The accepted answer doesn't work for me unfortunately, since my site CSS files #import the font CSS files, and these are all stored on a Rackspace Cloud Files CDN.
Since the Apache headers are never generated (since my CSS is not on Apache), I had to do several things:
Go to the Cloud Files UI and add a custom header (Access-Control-Allow-Origin with value *) for each font-awesome file
Change the Content-Type of the woff and ttf files to font/woff and font/ttf respectively
See if you can get away with just #1, since the second requires a bit of command line work.

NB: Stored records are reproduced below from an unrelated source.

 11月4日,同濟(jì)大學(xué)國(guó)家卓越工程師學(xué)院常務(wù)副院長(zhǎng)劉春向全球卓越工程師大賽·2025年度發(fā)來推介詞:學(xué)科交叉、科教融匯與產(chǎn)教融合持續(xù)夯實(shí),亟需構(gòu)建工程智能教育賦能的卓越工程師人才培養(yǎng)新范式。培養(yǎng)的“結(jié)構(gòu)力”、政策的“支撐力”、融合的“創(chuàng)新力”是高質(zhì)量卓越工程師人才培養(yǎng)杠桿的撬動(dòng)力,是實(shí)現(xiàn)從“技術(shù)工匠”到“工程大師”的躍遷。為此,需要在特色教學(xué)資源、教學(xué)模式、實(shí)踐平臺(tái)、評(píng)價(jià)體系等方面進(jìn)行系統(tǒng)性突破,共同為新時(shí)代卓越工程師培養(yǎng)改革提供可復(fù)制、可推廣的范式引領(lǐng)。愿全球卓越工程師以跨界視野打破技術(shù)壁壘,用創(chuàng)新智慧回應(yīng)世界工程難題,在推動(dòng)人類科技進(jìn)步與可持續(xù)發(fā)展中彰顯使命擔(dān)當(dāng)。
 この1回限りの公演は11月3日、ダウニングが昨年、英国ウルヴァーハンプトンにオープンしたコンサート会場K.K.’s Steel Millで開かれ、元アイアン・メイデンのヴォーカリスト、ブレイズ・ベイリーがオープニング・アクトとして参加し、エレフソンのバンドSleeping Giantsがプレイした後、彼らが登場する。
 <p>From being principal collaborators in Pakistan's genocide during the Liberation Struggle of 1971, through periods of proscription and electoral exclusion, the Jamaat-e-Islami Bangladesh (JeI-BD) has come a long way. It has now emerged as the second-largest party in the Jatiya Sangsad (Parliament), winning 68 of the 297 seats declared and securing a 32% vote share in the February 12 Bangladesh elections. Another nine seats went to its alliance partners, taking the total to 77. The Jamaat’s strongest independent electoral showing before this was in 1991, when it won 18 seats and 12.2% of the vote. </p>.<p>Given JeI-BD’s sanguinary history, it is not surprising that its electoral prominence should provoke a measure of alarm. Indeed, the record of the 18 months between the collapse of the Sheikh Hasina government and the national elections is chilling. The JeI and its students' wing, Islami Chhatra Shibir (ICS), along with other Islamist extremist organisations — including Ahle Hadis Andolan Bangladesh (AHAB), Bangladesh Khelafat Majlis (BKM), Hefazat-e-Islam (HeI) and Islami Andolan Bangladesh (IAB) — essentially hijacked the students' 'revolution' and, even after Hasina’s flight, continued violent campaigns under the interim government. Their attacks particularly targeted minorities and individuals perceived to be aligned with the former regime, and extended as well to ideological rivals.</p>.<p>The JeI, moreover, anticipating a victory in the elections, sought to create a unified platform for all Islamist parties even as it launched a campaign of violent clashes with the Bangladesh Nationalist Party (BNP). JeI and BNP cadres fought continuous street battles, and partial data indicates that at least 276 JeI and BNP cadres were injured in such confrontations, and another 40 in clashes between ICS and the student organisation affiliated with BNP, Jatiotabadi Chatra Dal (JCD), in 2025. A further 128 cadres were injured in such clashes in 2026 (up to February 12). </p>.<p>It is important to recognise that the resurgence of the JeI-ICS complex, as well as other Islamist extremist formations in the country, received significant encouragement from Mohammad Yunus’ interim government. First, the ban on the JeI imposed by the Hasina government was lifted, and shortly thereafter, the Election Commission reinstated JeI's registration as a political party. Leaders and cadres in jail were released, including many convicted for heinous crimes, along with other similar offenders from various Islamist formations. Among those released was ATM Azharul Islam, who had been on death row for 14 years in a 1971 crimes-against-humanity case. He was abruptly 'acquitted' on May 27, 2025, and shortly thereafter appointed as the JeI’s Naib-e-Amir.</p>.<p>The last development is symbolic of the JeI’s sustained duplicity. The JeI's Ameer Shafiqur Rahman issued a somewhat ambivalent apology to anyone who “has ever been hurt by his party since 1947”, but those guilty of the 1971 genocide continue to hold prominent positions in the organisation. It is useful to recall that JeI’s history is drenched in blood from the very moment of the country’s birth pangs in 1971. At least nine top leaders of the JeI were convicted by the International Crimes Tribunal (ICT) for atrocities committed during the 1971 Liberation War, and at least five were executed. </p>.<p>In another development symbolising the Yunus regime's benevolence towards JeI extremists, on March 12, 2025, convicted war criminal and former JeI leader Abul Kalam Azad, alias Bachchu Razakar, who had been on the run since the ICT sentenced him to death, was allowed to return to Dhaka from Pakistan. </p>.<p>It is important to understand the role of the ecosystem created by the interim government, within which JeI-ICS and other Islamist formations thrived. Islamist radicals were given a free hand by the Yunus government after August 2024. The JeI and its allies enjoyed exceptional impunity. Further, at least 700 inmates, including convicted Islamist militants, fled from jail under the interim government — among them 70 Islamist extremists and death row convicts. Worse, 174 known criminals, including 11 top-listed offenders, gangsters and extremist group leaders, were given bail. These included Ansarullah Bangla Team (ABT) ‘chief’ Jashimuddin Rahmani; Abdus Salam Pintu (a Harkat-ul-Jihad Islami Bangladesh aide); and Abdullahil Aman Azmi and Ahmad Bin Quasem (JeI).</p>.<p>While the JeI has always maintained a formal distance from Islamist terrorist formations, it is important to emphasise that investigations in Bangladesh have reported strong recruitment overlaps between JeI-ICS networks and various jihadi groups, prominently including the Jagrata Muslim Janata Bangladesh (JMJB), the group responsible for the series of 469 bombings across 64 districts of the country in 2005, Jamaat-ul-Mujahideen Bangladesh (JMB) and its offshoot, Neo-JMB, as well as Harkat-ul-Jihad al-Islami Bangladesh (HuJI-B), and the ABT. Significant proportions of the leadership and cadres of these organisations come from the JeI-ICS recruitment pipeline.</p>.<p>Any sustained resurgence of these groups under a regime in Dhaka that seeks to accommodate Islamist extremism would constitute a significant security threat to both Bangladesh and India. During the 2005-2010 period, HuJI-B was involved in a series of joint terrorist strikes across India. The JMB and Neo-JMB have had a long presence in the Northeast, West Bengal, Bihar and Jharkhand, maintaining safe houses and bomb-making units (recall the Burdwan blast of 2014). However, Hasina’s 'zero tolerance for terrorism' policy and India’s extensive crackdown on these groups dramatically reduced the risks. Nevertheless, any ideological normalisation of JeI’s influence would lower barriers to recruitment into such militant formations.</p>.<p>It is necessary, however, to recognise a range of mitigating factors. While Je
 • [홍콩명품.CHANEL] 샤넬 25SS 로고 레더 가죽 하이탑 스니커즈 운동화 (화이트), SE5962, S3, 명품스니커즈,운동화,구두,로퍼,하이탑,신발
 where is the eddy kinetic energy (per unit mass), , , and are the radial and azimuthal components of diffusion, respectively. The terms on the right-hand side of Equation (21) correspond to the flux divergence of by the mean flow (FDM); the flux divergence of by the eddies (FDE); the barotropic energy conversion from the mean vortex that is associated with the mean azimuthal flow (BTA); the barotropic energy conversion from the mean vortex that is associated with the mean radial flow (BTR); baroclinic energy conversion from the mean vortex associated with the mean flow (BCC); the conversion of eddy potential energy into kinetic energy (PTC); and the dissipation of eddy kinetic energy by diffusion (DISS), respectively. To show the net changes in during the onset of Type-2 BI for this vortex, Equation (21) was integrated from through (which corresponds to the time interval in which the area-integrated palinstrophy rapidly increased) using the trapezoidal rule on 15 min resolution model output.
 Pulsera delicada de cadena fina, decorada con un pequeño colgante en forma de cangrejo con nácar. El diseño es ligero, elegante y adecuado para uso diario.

To add the custom header in #1:
view the cloud files container for the file
scroll down to the file
click the cog icon
click Edit Headers
select Access-Control-Allow-Origin
add the single character '*' (without the quotes)
hit enter
repeat for the other files
If you need to continue and do #2, then you'll need a command line with CURL
curl -D - --header "X-Auth-Key: your-auth-key-from-rackspace-cloud-control-panel" --header "X-Auth-User: your-cloud-username" https://auth.api.rackspacecloud.com/v1.0
From the results returned, extract the values for X-Auth-Token and X-Storage-Url
curl -X POST \
-H "Content-Type: font/woff" \
--header "X-Auth-Token: returned-x-auth-token" returned-x-storage-url/name-of-your-container/fonts/fontawesome-webfont.woff
curl -X POST \
-H "Content-Type: font/ttf" \
--header "X-Auth-Token: returned-x-auth-token" returned-x-storage-url/name-of-your-container/fonts/fontawesome-webfont.ttf
Of course, this process only works if you're using the Rackspace CDN. Other CDNs may offer similar facilities to edit object headers and change content types, so maybe you'll get lucky (and post some extra info here).
For Java based Application add this to your web.xml file:
<servlet-mapping>
<servlet-name>default</servlet-name>
<url-pattern>*.ttf</url-pattern>
</servlet-mapping>
<servlet-mapping>
<servlet-name>default</servlet-name>
<url-pattern>*.otf</url-pattern>
</servlet-mapping>
<servlet-mapping>
<servlet-name>default</servlet-name>
<url-pattern>*.eot</url-pattern>
</servlet-mapping>
<servlet-mapping>
<servlet-name>default</servlet-name>
<url-pattern>*.woff</url-pattern>
</servlet-mapping>
In your file.php of request ajax, can set value header.
<?php header('Access-Control-Allow-Origin: *'); //for all ?>